> **Exercise**
The listing, minus its pictures, is to be given again exactly.

> **Dataset**

* * *

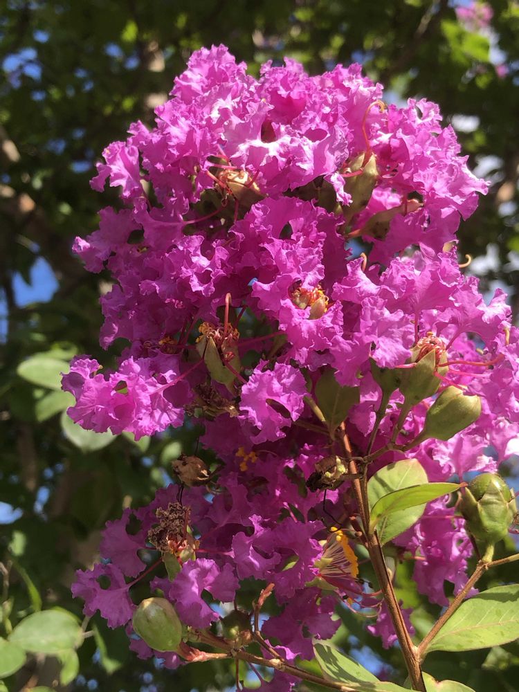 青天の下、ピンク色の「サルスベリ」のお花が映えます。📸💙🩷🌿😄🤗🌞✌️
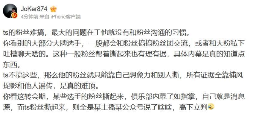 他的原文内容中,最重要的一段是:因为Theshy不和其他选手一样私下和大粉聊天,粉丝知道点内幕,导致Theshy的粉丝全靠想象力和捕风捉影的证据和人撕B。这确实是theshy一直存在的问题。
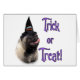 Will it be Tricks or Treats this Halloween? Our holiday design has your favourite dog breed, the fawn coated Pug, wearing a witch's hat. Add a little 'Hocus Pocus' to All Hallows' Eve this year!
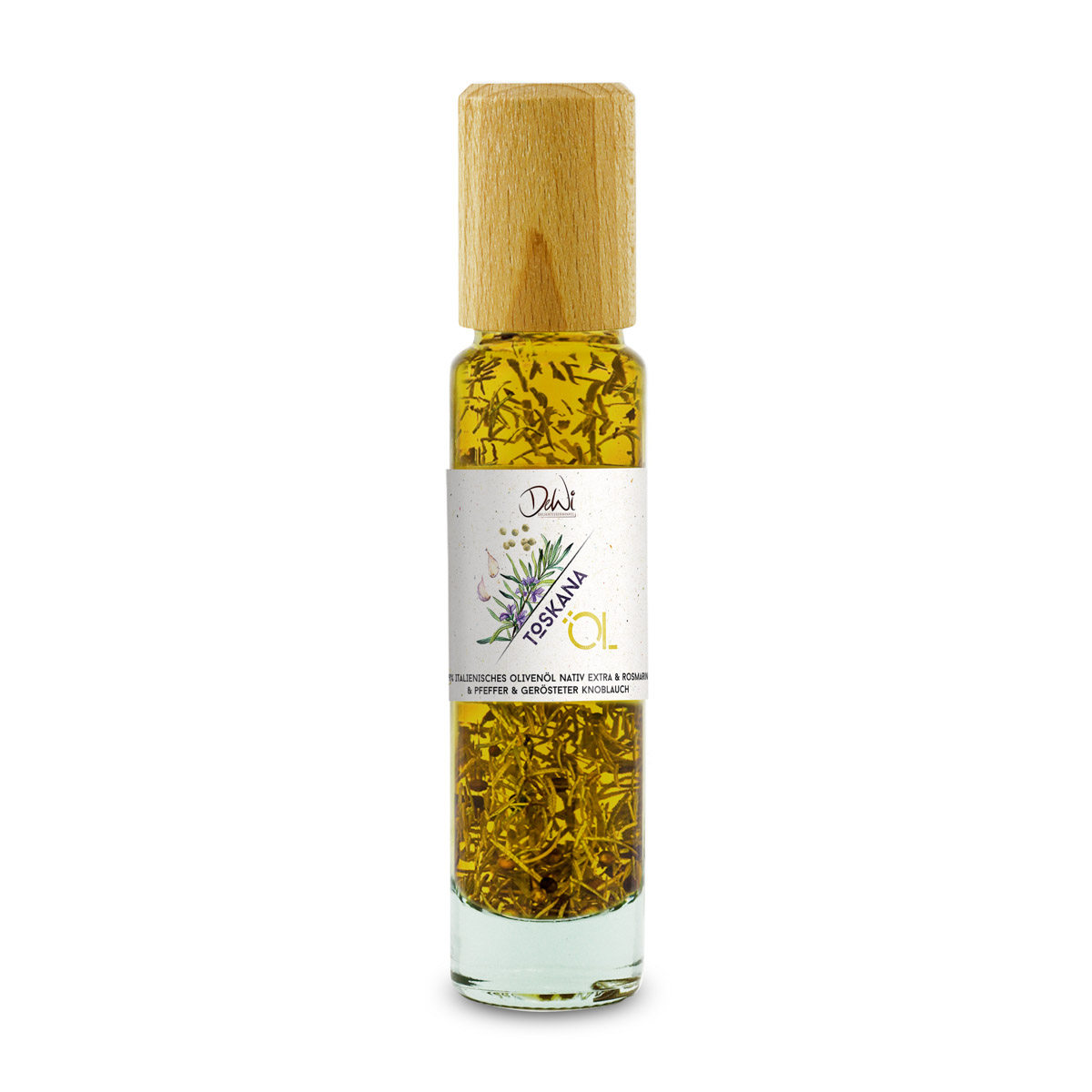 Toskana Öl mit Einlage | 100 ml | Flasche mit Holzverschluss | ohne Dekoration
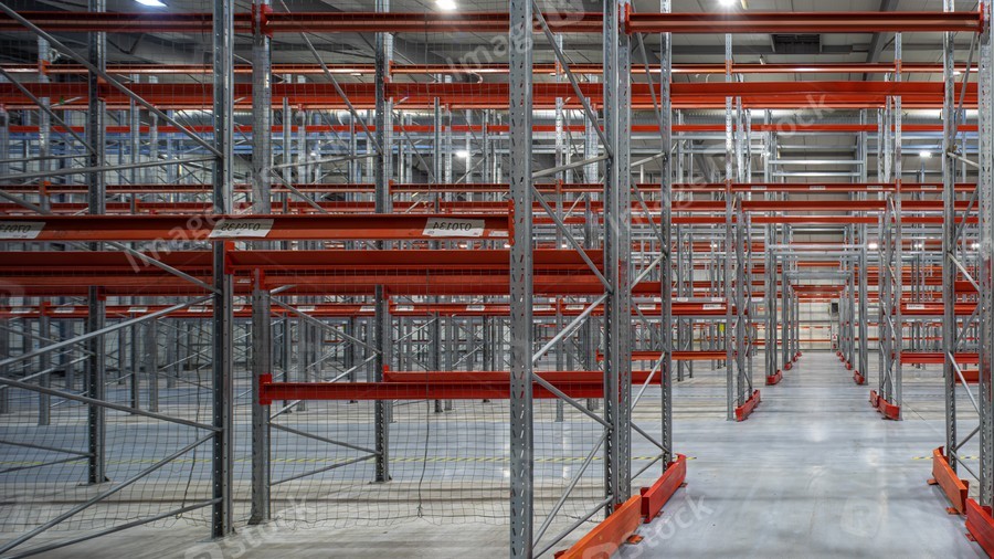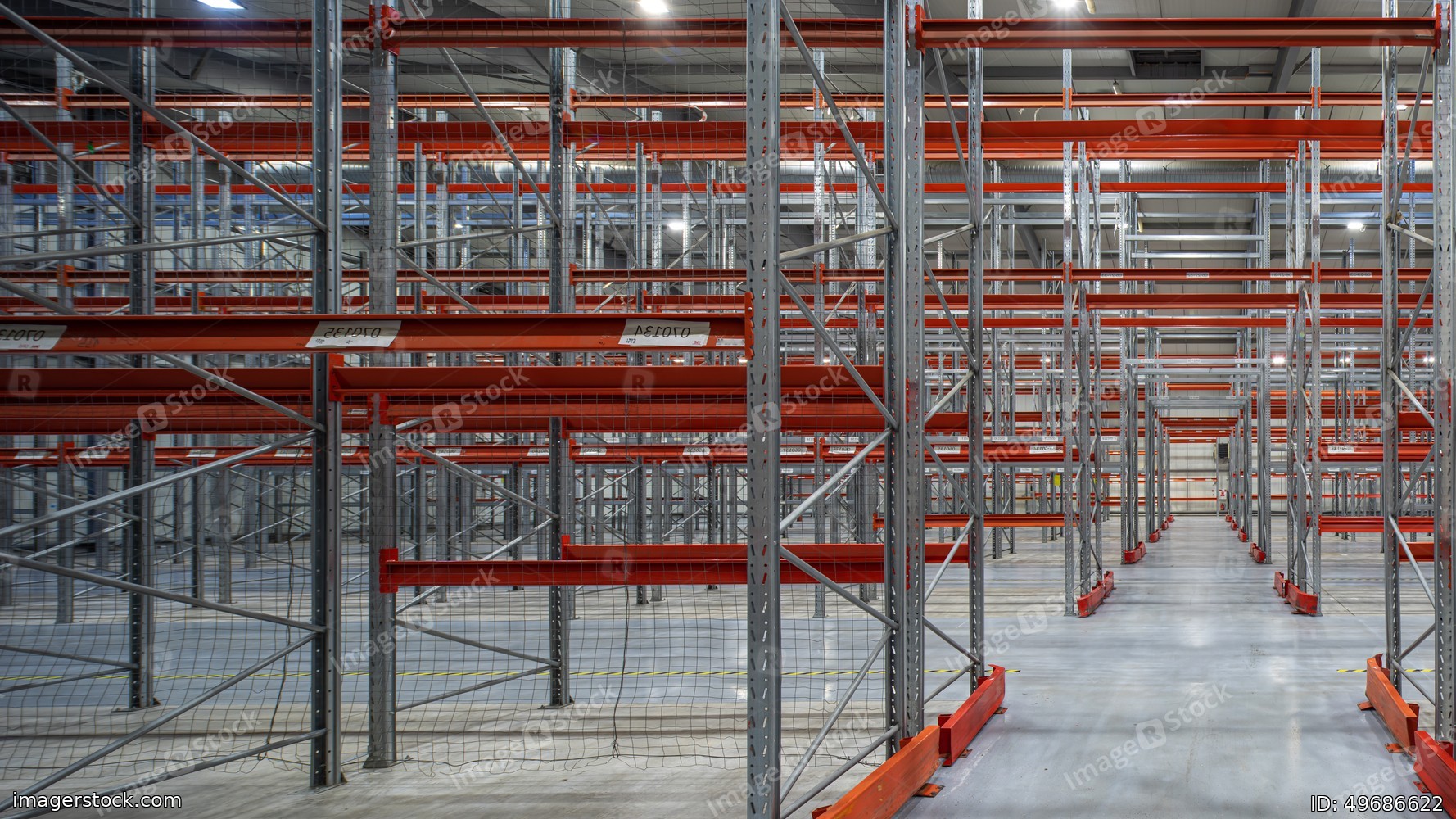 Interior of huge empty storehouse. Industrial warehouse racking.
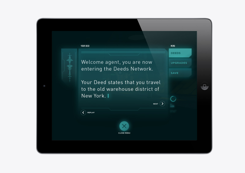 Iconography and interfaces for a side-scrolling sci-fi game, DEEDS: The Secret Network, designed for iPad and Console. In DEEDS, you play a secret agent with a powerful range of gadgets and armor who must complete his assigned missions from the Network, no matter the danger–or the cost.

* * *

> **Answer section**
 青天の下、ピンク色の「サルスベリ」のお花が映えます。📸💙🩷🌿😄🤗🌞✌️
 他的原文内容中,最重要的一段是:因为Theshy不和其他选手一样私下和大粉聊天,粉丝知道点内幕,导致Theshy的粉丝全靠想象力和捕风捉影的证据和人撕B。这确实是theshy一直存在的问题。
 Will it be Tricks or Treats this Halloween? Our holiday design has your favourite dog breed, the fawn coated Pug, wearing a witch's hat. Add a little 'Hocus Pocus' to All Hallows' Eve this year!
 Toskana Öl mit Einlage | 100 ml | Flasche mit Holzverschluss | ohne Dekoration
 Interior of huge empty storehouse. Industrial warehouse racking.
 Iconography and interfaces for a side-scrolling sci-fi game, DEEDS: The Secret Network, designed for iPad and Console. In DEEDS, you play a secret agent with a powerful range of gadgets and armor who must complete his assigned missions from the Network, no matter the danger–or the cost.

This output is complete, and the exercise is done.